Adjustments made for severity, race, payer, and census region.

We performed a multicenter, retrospective study of hospitalized children with SSSS, including assessment of hospital-level variation in diagnostic testing and the association with patient outcomes. We found that significant variation exists in diagnostic testing among children hospitalized with SSSS. Lower rates of test use were not associated with significant differences in hospital-level LOS, readmissions, ED revisits, or escalations of care. Our findings reveal that some patient outcomes might not be adversely affected with an overall reduction in diagnostic testing.

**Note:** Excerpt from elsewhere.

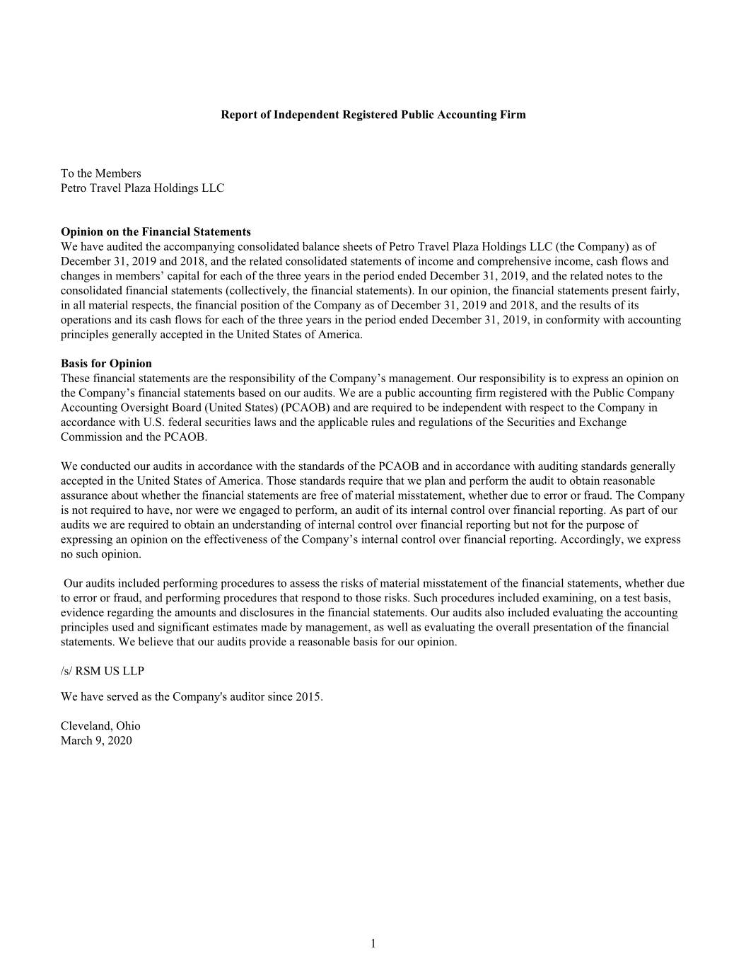 Report of Independent Registered Public Accounting Firm To the Members Petro Travel Plaza Holdings LLC Opinion on the Financial Statements We have audited the accompanying consolidated balance sheets of Petro Travel Plaza Holdings LLC (the Company) as of December 31, 2019 and 2018, and the related consolidated statements of income and comprehensive income, cash flows and changes in members’ capital for each of the three years in the period ended December 31, 2019, and the related notes to the consolidated financial statements (collectively, the financial statements). In our opinion, the financial statements present fairly, in all material respects, the financial position of the Company as of December 31, 2019 and 2018, and the results of its operations and its cash flows for each of the three years in the period ended December 31, 2019, in conformity with accounting principles generally accepted in the United States of America. Basis for Opinion These financial statements are the responsibility of the Company’s management. Our responsibility is to express an opinion on the Company’s financial statements based on our audits. We are a public accounting firm registered with the Public Company Accounting Oversight Board (United States) (PCAOB) and are required to be independent with respect to the Company in accordance with U.S. federal securities laws and the applicable rules and regulations of the Securities and Exchange Commission and the PCAOB. We conducted our audits in accordance with the standards of the PCAOB and in accordance with auditing standards generally accepted in the United States of America. Those standards require that we plan and perform the audit to obtain reasonable assurance about whether the financial statements are free of material misstatement, whether due to error or fraud. The Company is not required to have, nor were we engaged to perform, an audit of its internal control over financial reporting. As part of our audits we are required to obtain an understanding of internal control over financial reporting but not for the purpose of expressing an opinion on the effectiveness of the Company’s internal control over financial reporting. Accordingly, we express no such opinion. Our audits included performing procedures to assess the risks of material misstatement of the financial statements, whether due to error or fraud, and performing procedures that respond to those risks. Such procedures included examining, on a test basis, evidence regarding the amounts and disclosures in the financial statements. Our audits also included evaluating the accounting principles used and significant estimates made by management, as well as evaluating the overall presentation of the financial statements. We believe that our audits provide a reasonable basis for our opinion. /s/ RSM US LLP We have served as the Company's auditor since 2015. Cleveland, Ohio March 9, 2020 1

Blood culture was the most common type of bacterial culture performed in our population, and hospital-level use varied from 62% to 100%. However, the use of blood culture for isolation of S aureus may be less helpful because bacteremia is thought to be uncommon in SSSS.15,21,32  Authors of 1 study found that 3.8% of children with SSSS had toxigenic S aureus isolated from the blood,1  and in our cohort, only 2.3% were coded for a diagnosis of sepsis or bacteremia. The association between the use of blood culture in SSSS and patient outcomes has not been described in the literature. In uncomplicated skin and soft tissue infections, blood culture yield is low, and its routine use is found to prolong LOS.33  Furthermore, routine blood culture is no longer recommended in uncomplicated cellulitis.34  Similarly, routine blood culture may be most indicated in severe cases of SSSS,7,15  but further large-scale research is needed to confirm in which clinical situations blood cultures are most useful.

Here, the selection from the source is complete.